# Stone basin



## steeley (Mar 29, 2012)

I think this is very cool inset hotel pan and looks pretty easy to build.

stole this from a freehand sharpener in LA.





[/IMG]


----------



## wenus2 (Mar 29, 2012)

That is cool. 
What is on the right of the pan, is that for stone storage?


----------



## Deckhand (Mar 29, 2012)

That is cool. Don't have a wood shop. Would definitely buy that. Was that from Jon?


----------



## steeley (Mar 29, 2012)

I think that could be storage or just a place to let your knifes hang out.
No not from Jon . and i don't think anybody sells them but it would be steady not to much splish splash from the pan.


----------



## Deckhand (Mar 29, 2012)

steeley said:


> I think that could be storage or just a place to let your knifes hang out.
> No not from Jon . and i don't think anybody sells them but it would be steady not to much splish splash from the pan.



Congratulations. Nice acquisition. If it ever has an available twin let me know:biggrin:


----------



## steeley (Mar 29, 2012)

Well i have to build one first.
the guy that made it is Santa Monica knife sharpening owner and is on his site he referred to Jon ,so a pretty nice guy.


----------



## steeley (Mar 29, 2012)

http://atomicmike.com/2011/09/honing-in/

and for the more advanced wood worker.




[/IMG]




[/IMG]


----------



## Deckhand (Mar 29, 2012)

steeley said:


> Well i have to build one first.
> the guy that made it is Santa Monica knife sharpening owner and is on his site he referred to Jon ,so a pretty nice guy.
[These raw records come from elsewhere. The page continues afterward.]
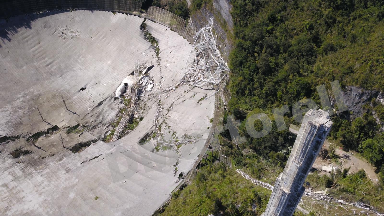 Lead image: Aerial view of the devastating damage to the Arecibo Observatory following the collapse of the telescope platform on December 1, 2020. Photo copyright and courtesy of Deborah Martorell.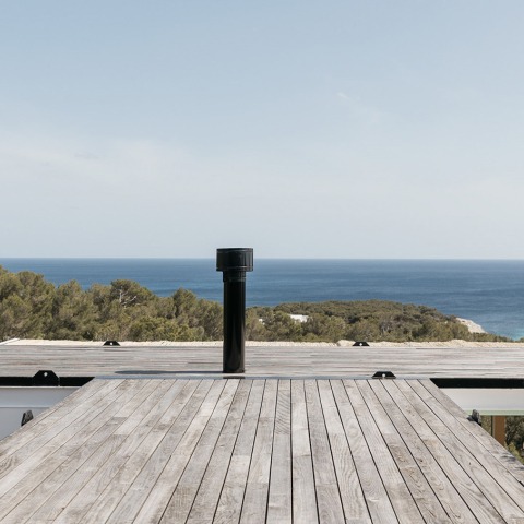 Ubicada en lo alto de una ladera, rodeada de pinos y ullastres menorquines, esta casa ofrece unas vistas privilegiadas del Mediterráneo. La belleza del lugar invitó a crear una configuración fuera de lo convencional, con recorridos exteriores y pasarelas de acceso, que potencian el contacto de la casa con su entorno.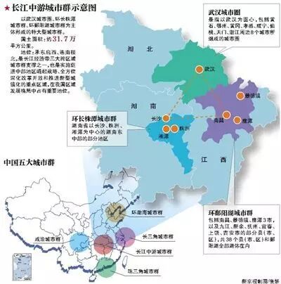 4月16日上午,国家发展改革委政研室主任施子海在解读《长江中游城市群发展规划》为主题的新闻发布会上,再次明确了长江中游城市群是以武汉城市圈、环长株潭城市群、环鄱阳湖城市群为主体的特大型城市群,涉及到三个省、31个市,国土面积31.7万平方公里。

Found the pic on the Magnus blog. It is a great design. Let me know if you build one. 
Seems like a nice guy, but does he talk to you the way Eamon does:biggrin:


----------



## Deckhand (Mar 29, 2012)

steeley said:


> http://atomicmike.com/2011/09/honing-in/
> 
> and for the more advanced wood worker.
> 
> ...



Not only an advanced wood worker, but Japanese taste. My family has original stone lanterns and dripping basins, even had a boar scarer set up for awhile. Have to love the bamboo for the faucet.


----------



## Schtoo (Mar 29, 2012)

Now why didn't I make one of them when I was on the tools?

Oh yeah, too busy trying to make money... 

(And the rickety old sink with running water was perfectly adequate!)

I'm too far away and too busy with other stuff (trying to make money) to make anything like that, even the little one. Although it'd be easy to do a flatpack kit since it's just a simple box.

Who makes the chopping boards? Might be a handy little gadget to add to the product line up. 


Stu.


----------



## Mike Davis (Mar 29, 2012)

steeley said:


> I think this is very cool inset hotel pan and looks pretty easy to build.
> 
> stole this from a freehand sharpener in LA.
> 
> ...


Totally going to build one of these this weekend....But i think i will install a drain lol.


----------



## steeley (Mar 29, 2012)

A drain would be nice so don't have to lug around the hotel pan and maybe cut away on the side so you can take the pan out easier .


----------



## Eamon Burke (Mar 29, 2012)

Oh cool, a new project for me. I see it, now I need it!


----------